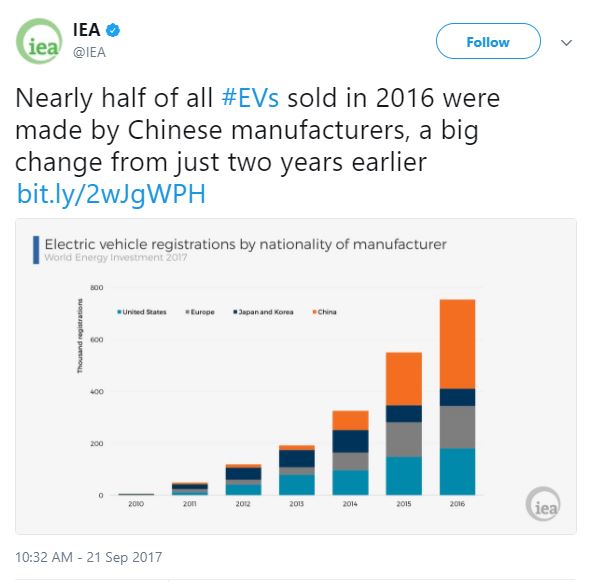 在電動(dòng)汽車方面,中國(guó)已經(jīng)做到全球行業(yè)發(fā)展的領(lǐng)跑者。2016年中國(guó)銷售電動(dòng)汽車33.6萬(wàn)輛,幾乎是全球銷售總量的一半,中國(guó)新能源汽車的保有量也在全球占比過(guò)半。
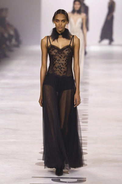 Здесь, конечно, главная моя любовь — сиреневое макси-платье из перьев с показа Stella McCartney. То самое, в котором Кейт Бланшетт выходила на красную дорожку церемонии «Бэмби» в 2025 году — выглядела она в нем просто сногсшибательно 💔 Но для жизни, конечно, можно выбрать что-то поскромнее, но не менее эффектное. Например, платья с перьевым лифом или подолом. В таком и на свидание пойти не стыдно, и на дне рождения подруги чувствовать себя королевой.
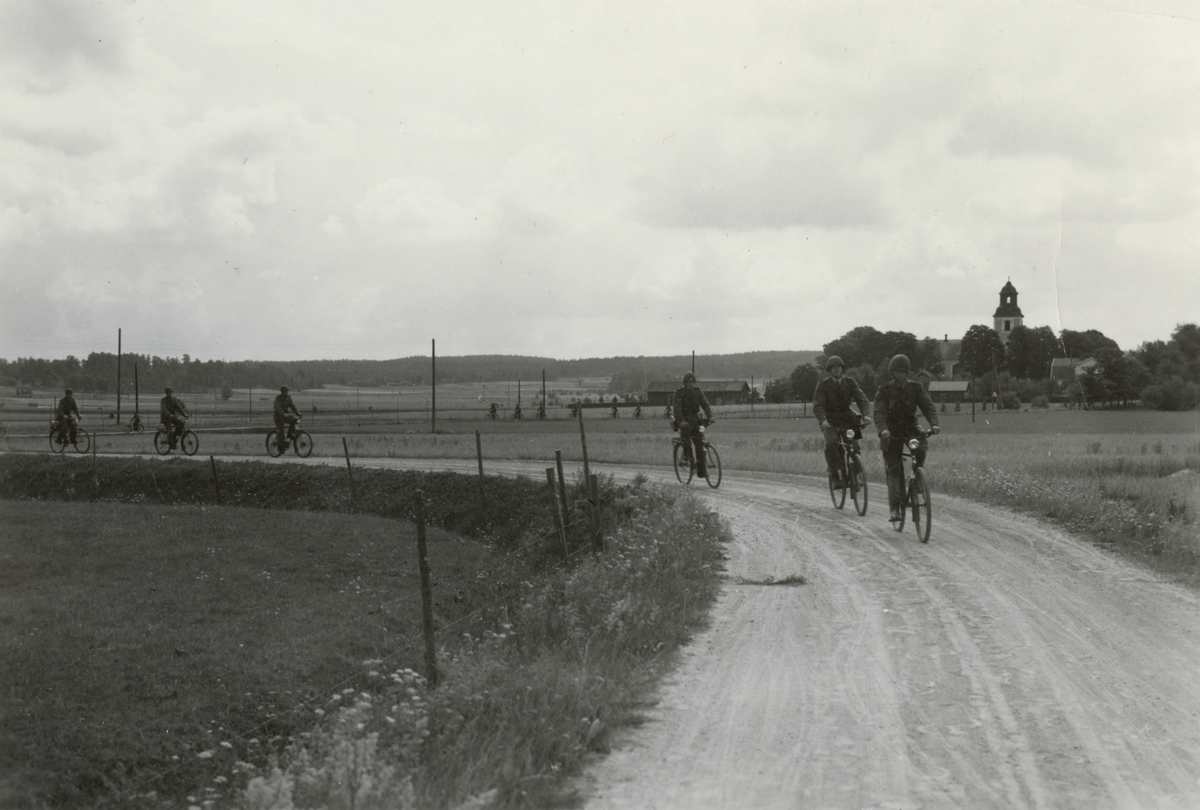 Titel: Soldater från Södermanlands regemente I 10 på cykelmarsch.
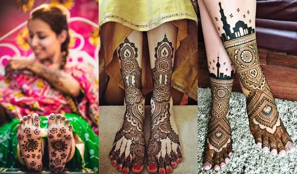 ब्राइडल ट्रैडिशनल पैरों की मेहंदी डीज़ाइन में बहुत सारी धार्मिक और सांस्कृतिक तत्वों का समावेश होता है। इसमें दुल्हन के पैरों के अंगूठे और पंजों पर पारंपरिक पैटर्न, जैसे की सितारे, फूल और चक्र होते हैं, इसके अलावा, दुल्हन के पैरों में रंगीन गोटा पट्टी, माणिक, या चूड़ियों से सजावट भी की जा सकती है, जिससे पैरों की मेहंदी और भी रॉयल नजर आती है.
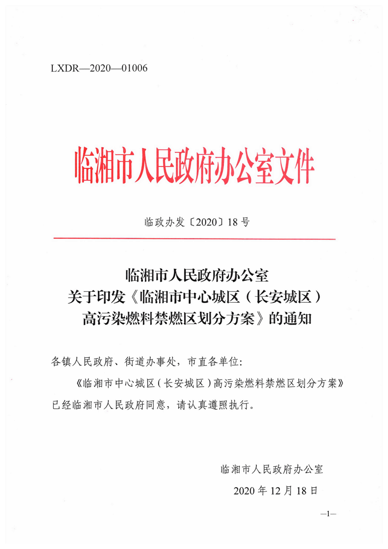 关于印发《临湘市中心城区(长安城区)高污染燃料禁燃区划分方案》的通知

Work request: The listing above must be restated word for word. Its pictures are to be left out.

Result for this exercise:
 在電動(dòng)汽車方面,中國(guó)已經(jīng)做到全球行業(yè)發(fā)展的領(lǐng)跑者。2016年中國(guó)銷售電動(dòng)汽車33.6萬(wàn)輛,幾乎是全球銷售總量的一半,中國(guó)新能源汽車的保有量也在全球占比過(guò)半。
 Здесь, конечно, главная моя любовь — сиреневое макси-платье из перьев с показа Stella McCartney. То самое, в котором Кейт Бланшетт выходила на красную дорожку церемонии «Бэмби» в 2025 году — выглядела она в нем просто сногсшибательно 💔 Но для жизни, конечно, можно выбрать что-то поскромнее, но не менее эффектное. Например, платья с перьевым лифом или подолом. В таком и на свидание пойти не стыдно, и на дне рождения подруги чувствовать себя королевой.
 Titel: Soldater från Södermanlands regemente I 10 på cykelmarsch.
 ब्राइडल ट्रैडिशनल पैरों की मेहंदी डीज़ाइन में बहुत सारी धार्मिक और सांस्कृतिक तत्वों का समावेश होता है। इसमें दुल्हन के पैरों के अंगूठे और पंजों पर पारंपरिक पैटर्न, जैसे की सितारे, फूल और चक्र होते हैं, इसके अलावा, दुल्हन के पैरों में रंगीन गोटा पट्टी, माणिक, या चूड़ियों से सजावट भी की जा सकती है, जिससे पैरों की मेहंदी और भी रॉयल नजर आती है.
 关于印发《临湘市中心城区(长安城区)高污染燃料禁燃区划分方案》的通知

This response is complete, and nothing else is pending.